Descemet Stripping Endothelial Keratoplasty in Patients With a Custom Foldable Silicone Artificial Iris: Safety and Efficacy Outcomes.
Tu M Tran, Clemence Bonnet, Piseth Dalin Chea, Ali Masoudi, Anthony J Aldave, David R Hardten, Kevin M Miller
Summary
DSEK is an effective procedure for addressing corneal edema in eyes with a CAI, but a majority develop elevated IOP and graft survival is shorter than in eyes without a CAI.
Abstract
PURPOSE
To assess outcomes of Descemet stripping endothelial keratoplasty (DSEK) in eyes with custom artificial iris (CAI) implantation.
METHODS
This is a retrospective, interventional, consecutive, surgical case series of patients who underwent DSEK after CAI implantation between 2010 and 2021 at 2 referral centers.

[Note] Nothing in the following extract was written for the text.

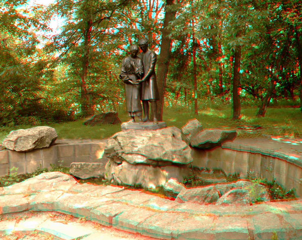 Анаглифические изображения — это картинки со смещенными слоями цветов — синего и красного. Смотреть на них невооруженным глазом интересно не больше, чем разглядывать старый ламповый телевизор, где картинка расслаивается на цвета и каждый объект имеет что-то вроде ауры. Чтобы увидеть изображение рельефным, объёмным, используются специальные очки, одно стекло которых красное, а другое синее:

Primary safety measures were loss of corrected distance visual acuity (CDVA), increase in intraocular pressure (IOP), development or progression of glaucoma, and intraoperative and postoperative complications. Efficacy measures were graft survival at year 1 and improvement in cosmesis at postoperative month 3. In general, measures were compared between baseline and postoperative year 1 while any complication was reported for the full follow-up period.
RESULTS
Thirty-nine eyes of 39 patients were identified. 64.1% of eyes had acquired aniridia from trauma. The mean follow-up interval was 27.7 months (range 12.2-117.4). Median CDVA improved from logMAR 1.0 to 0.7 at year 1 ( P = 0.0047). At the final follow-up, permanent loss of CDVA occurred in 25.6% of eyes, of which 90% was due to glaucoma. The most common postoperative complication was IOP elevation (66.7% of eyes). Graft survival at postoperative year 1 was 82.0% (95% confidence interval, 66.3-91.4). Secondary graft failure occurred in 28.2% of eyes at a mean duration of 39.7 months (SD 27.9 months) after DSEK. Cosmesis improved among 87.2% of eyes at postoperative month 3.
CONCLUSIONS
DSEK is an effective procedure for addressing corneal edema in eyes with a CAI, but a majority develop elevated IOP and graft survival is shorter than in eyes without a CAI.